На некоторое время повисла тишина,
– Дина Гуцол, – неожиданно отрапортовала она, – студентка мольфарского факультета, группа 1-М.
Чугайстрин еле слышно засмеялся – до того забавным показался этот отчет на морозе в университетском дворике.
– Вижу, что не злыдневского, – заметил он, – злыдни не рисуют наши заговоры на снегу.
– Злыдни и не такое могут, – почему-то буркнула она, но потом замерла на полуслове. – Наши?
«Значит, не чувствует, – раздосадованно подумал он, – что-то я слишком хорошо подумал про молодежь».
Не говоря ни слова, Чугайстрин медленно поднял руку и пошевелил пальцами. Зеленое пламя охватило ладонь, тут же свернулось ластящимся котенком и потерлось о нее. Дина закусила губу, и он вдруг сообразил, что теперь и она сама раздосадована не меньше его.
– Понятно, – кратко бросила она. – А вы… Андрею Григорьевичу, часом, родственником не приходитесь?
Чугайстрин вздрогнул. Старый дурак. Как сразу не сообразил, что девчонку поразила не сила, а фамилия. Встреча с Солохой начисто мозги вышибла. Стараясь не ругаться, он только кивнул:
– Да, я его отец.
Еще один оценивающий взгляд, лиса-брошка быстрым движением передвинута ближе к виску, словно мешает думать.
– Вы можете сделать так, чтобы он выздоровел?
Чугайстрин не сразу сообразил, что у него перехватило дыхание. Говорить правду нельзя, а обещать… Он бы все отдал, чтобы Андрейка вновь открыл глаза, только… некому.
– Я стараюсь.
– Он очень хороший куратор, правда, – тихо произнесла Дина, сцепив пальцы до побелевших костяшек. – Вся группа очень жалеет, что так произошло.
Чугайстрин только кивнул.
– Спасибо. Передай ребятам, что мы делаем все возможное.

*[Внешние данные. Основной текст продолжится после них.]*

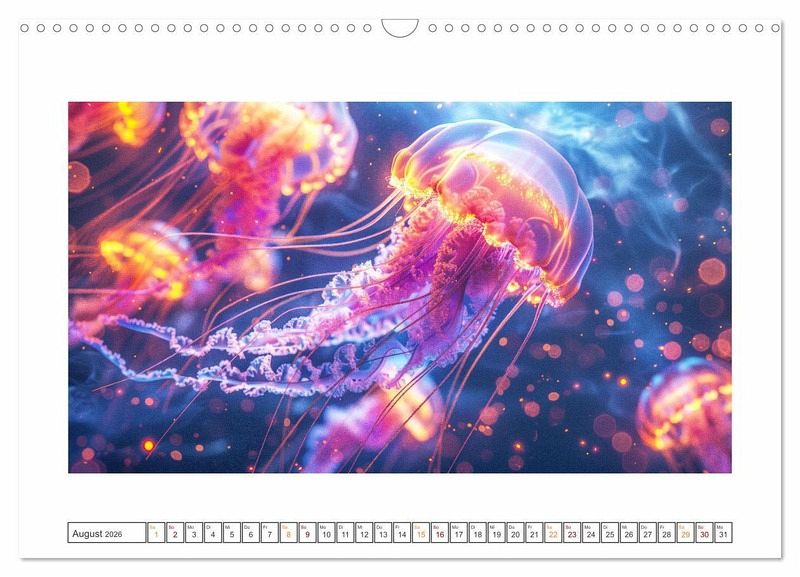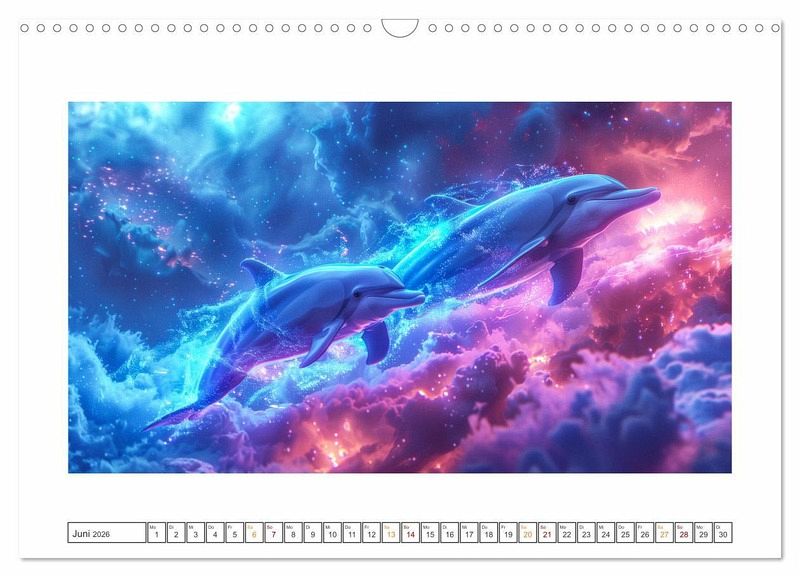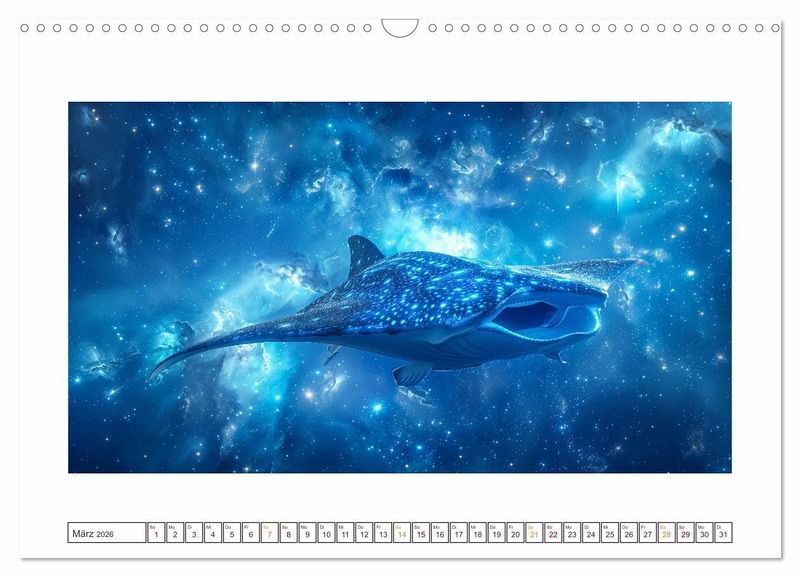 Begleiten Sie uns auf eine Reise durch die Galaxien, wo farbenfrohe Tiere majestätisch durch die endlosen Weiten des Weltraums gleiten. Erleben Sie die Faszination, wenn sich die Ozeane des Universums öffnen und eine Welt voller Geheimnisse und Wunder enthüllen. Unsere surreale Fantasie entführt Sie in eine Welt voller Magie und Abenteuer. Tauchen Sie ein in ein Universum, das Ihre Sinne verzaubern und Ihre Vorstellungskraft beflügeln wird. Alle hier gezeigten Bilder wurden mit Sorgfalt, Liebe und mit Hilfe einer KI generiert. Abschließend werden sie mit Bildbearbeitungsprogrammen überarbeitet und in den Kalender eingefügt.

Дина ничего не ответила, но в воздухе разлился аромат вишни. Так-так, ведьмовская сила вытолкнула начальные мольфарские навыки. Вот и весь ответ тебе. Чугайстрин искоса разглядывал ее. И откуда такая взялась, говорит уже почти спокойно, уверенно. Да и, кажется, не особо смущается того, что пару раз ляпнула не то.

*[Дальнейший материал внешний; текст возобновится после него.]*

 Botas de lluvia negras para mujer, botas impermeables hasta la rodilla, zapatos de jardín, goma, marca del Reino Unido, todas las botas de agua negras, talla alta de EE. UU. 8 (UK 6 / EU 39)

– Вам Хвеся Харлампиевна сказала? – неожиданно спросила Дина.
Чугайстрин недоуменно моргнул:
– Сказала что?
– Что я староста группы Андрея Григорьевича? – пояснила она, как нечто само собой разумеющееся.
– А… это, – выдохнул он, – почти. Я беседовал с ректором.
Должный эффект возымело. Дина прикусила язык, хотя явно хотела спросить что-то еще. Уставилась на носки своих сапог, потом глянула на руки, пробормотала какие-то извинения.
– Меня ждут, извините, пожалуйста. Приятно было побеседовать.
Щеки девчонки вдруг заалели как маков цвет, а потом ее и след простыл. Только осталось эхо от «до свидания, Григорий Любомирович».
– До свидания, лисичка, – хмыкнул он.
Что ж, теперь, по крайней мере, ясно, где искать ту, что разделила силу с Багрищенко. Что делать с ней, Чугайстрин еще пока не знал, но это уже был другой вопрос.
В царстве Хованца [7] всегда царил полумрак. Витал запах пыли, старой бумаги, потертых переплетов и дерева. Деревянные столы, стулья, панели… Металл он не любил, считал злом и нововведением. Собственно, по шкале полезности и то, и другое стояло у него на одном уровне. В библиотеке было тихо – шелест страниц и скрип пера не считались. Вий-Совяцкий не запрещал, а Хованец твердо считал, что вести учет древних книг можно только заколдованными чернилами в огромном фолианте, который не каждый сумеет открыть.
7
Ховати (укр.) – прятать.
Конец ознакомительного фрагмента.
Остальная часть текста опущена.